From the line containing "2月18日消息,近日,海口木" through the last line of the data, both ends included, write out every line exactly; omit the pictures.

Data segment -
----
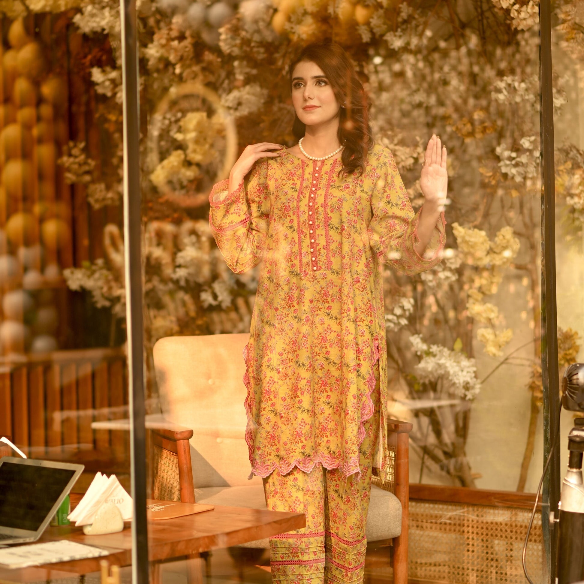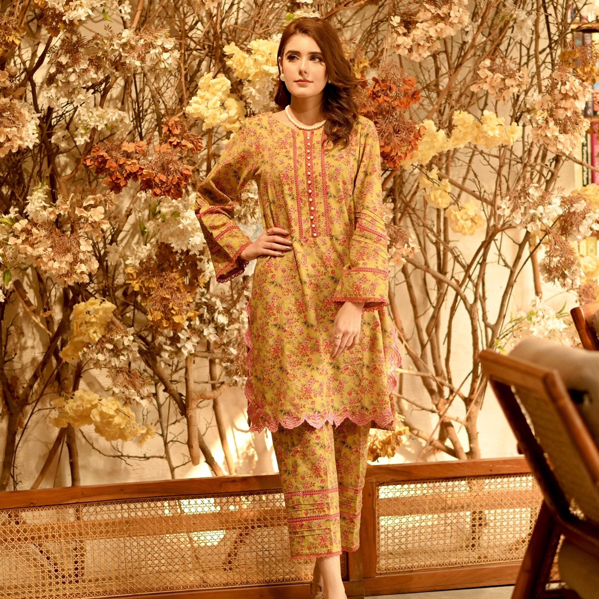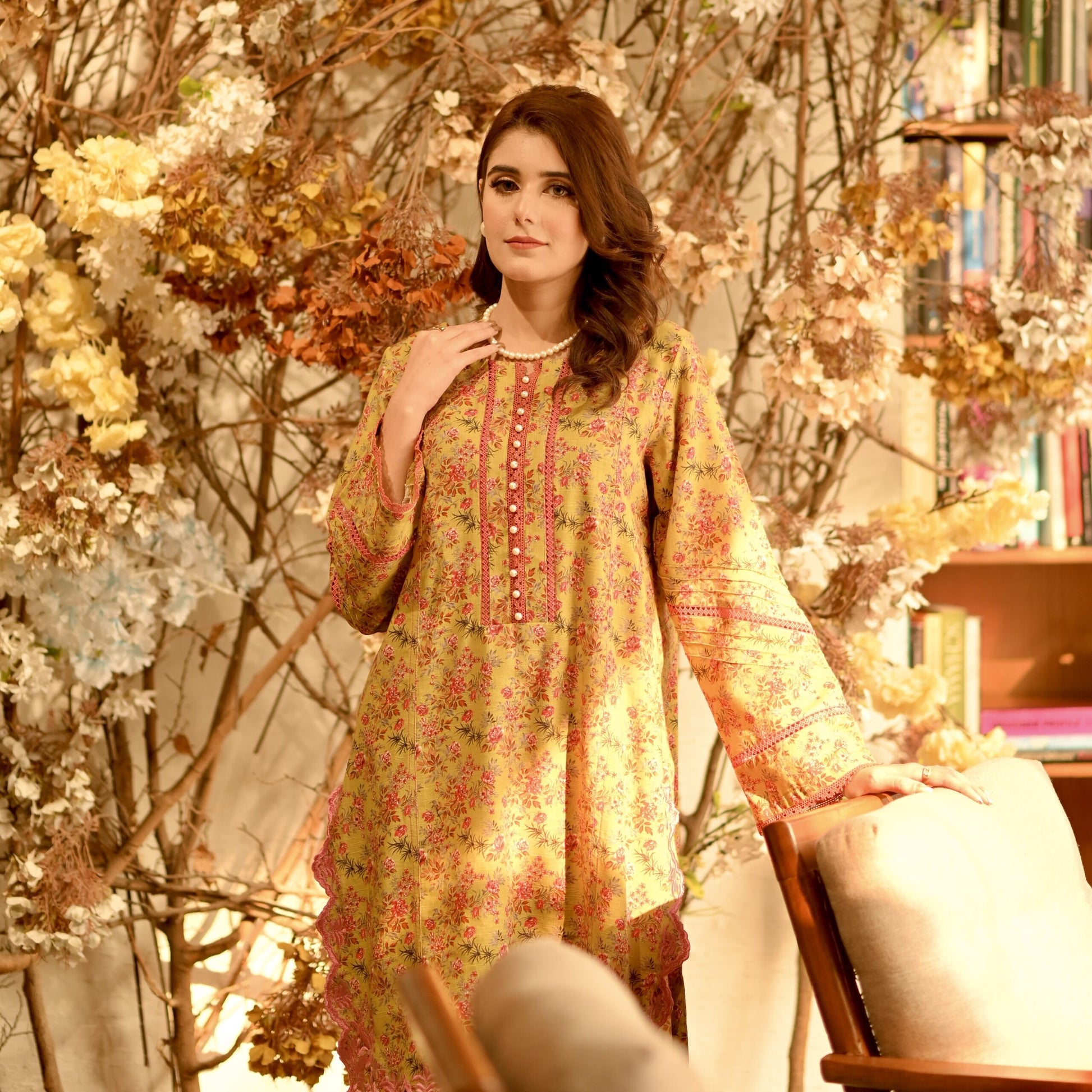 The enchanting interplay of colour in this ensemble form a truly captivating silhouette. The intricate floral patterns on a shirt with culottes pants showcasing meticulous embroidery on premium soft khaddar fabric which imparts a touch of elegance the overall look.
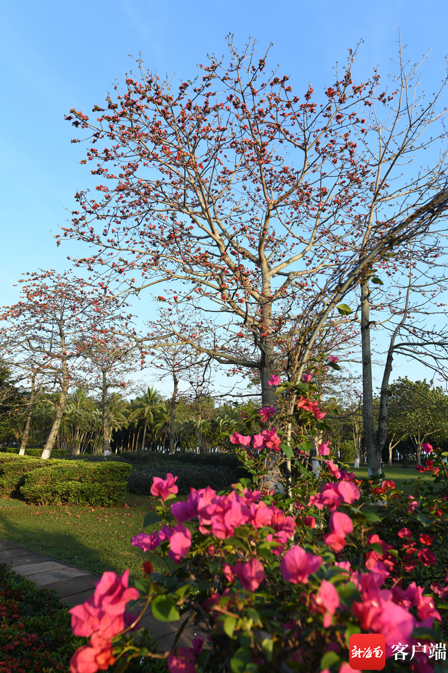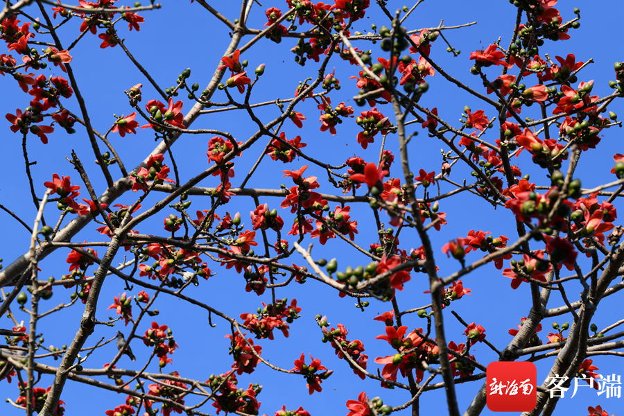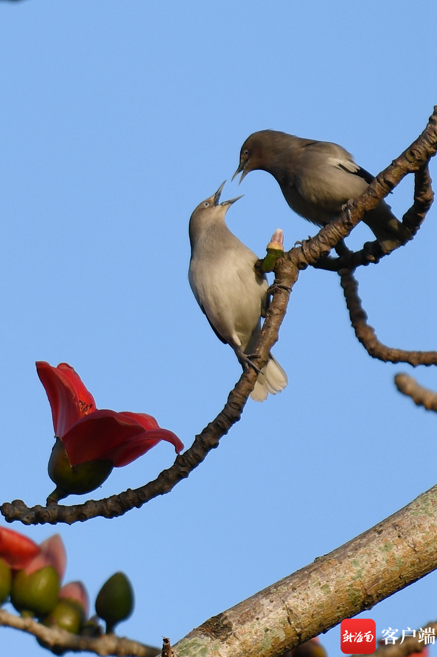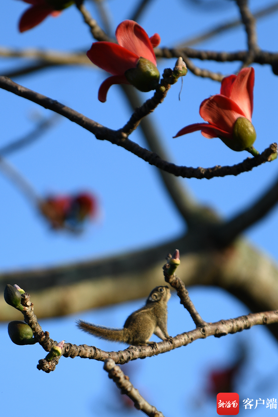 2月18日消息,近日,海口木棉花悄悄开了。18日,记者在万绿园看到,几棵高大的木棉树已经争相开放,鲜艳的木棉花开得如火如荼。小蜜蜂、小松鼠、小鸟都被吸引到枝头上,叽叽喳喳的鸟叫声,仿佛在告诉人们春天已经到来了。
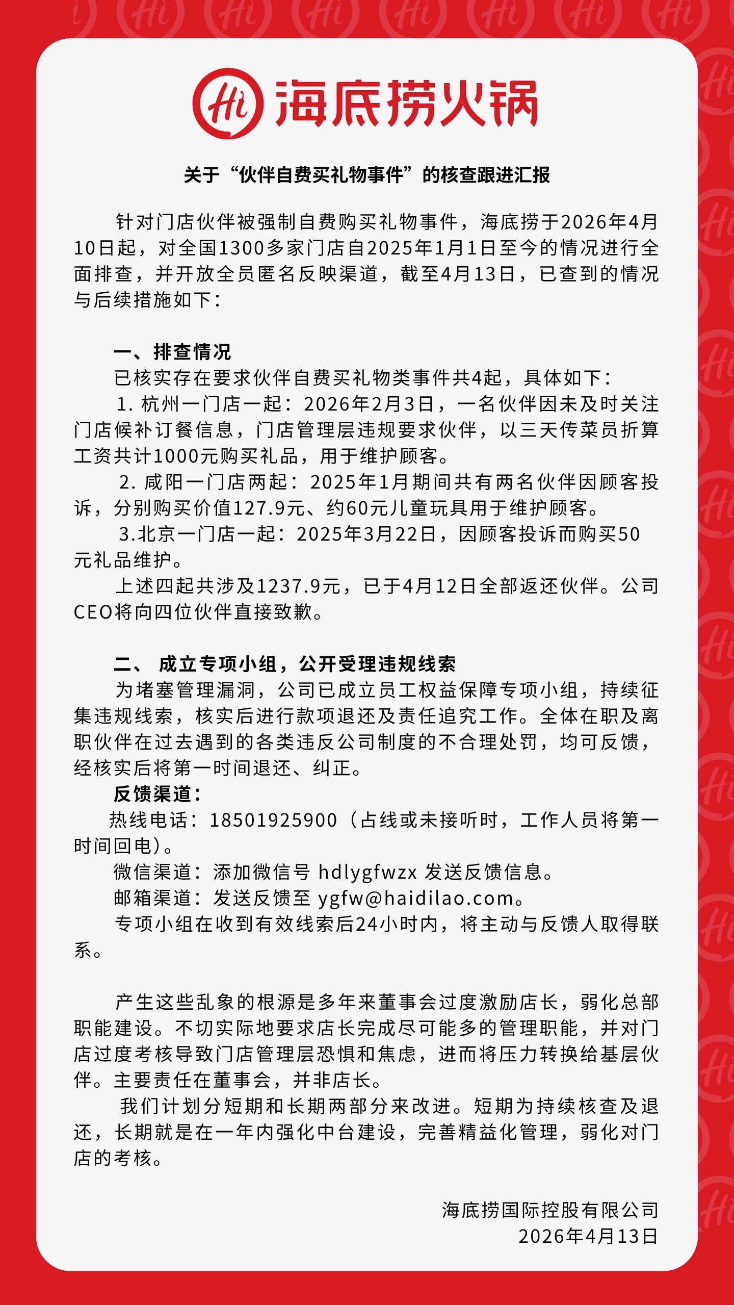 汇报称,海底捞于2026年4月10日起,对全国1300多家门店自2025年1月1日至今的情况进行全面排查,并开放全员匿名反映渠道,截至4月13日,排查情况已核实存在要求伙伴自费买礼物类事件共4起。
----
Solved exercise -
 2月18日消息,近日,海口木棉花悄悄开了。18日,记者在万绿园看到,几棵高大的木棉树已经争相开放,鲜艳的木棉花开得如火如荼。小蜜蜂、小松鼠、小鸟都被吸引到枝头上,叽叽喳喳的鸟叫声,仿佛在告诉人们春天已经到来了。
 汇报称,海底捞于2026年4月10日起,对全国1300多家门店自2025年1月1日至今的情况进行全面排查,并开放全员匿名反映渠道,截至4月13日,排查情况已核实存在要求伙伴自费买礼物类事件共4起。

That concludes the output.